Give back each line of the data exactly as it reads, minus the pictures.

Supplied data
□ □ □

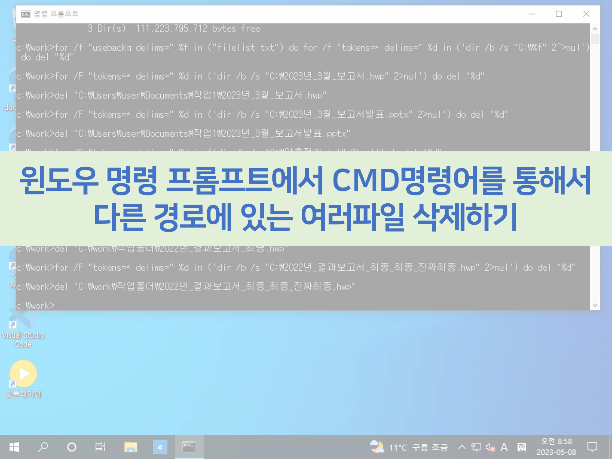 3. 명령프롬프트창에서 검색삭제 명령어 실행
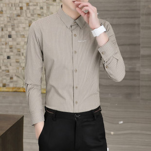 春夏季 百搭长袖 商务休闲衬衫 条纹寸衫 装 修身 男士 潮流打底衬衣 韩版
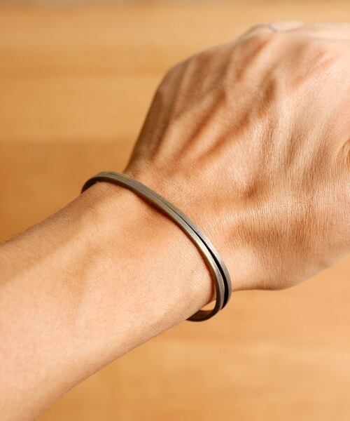 身に着けると2連バングルのように見え、シンプルなデザインバングルです。

□ □ □

Worked solution
 3. 명령프롬프트창에서 검색삭제 명령어 실행
 春夏季 百搭长袖 商务休闲衬衫 条纹寸衫 装 修身 男士 潮流打底衬衣 韩版
 身に着けると2連バングルのように見え、シンプルなデザインバングルです。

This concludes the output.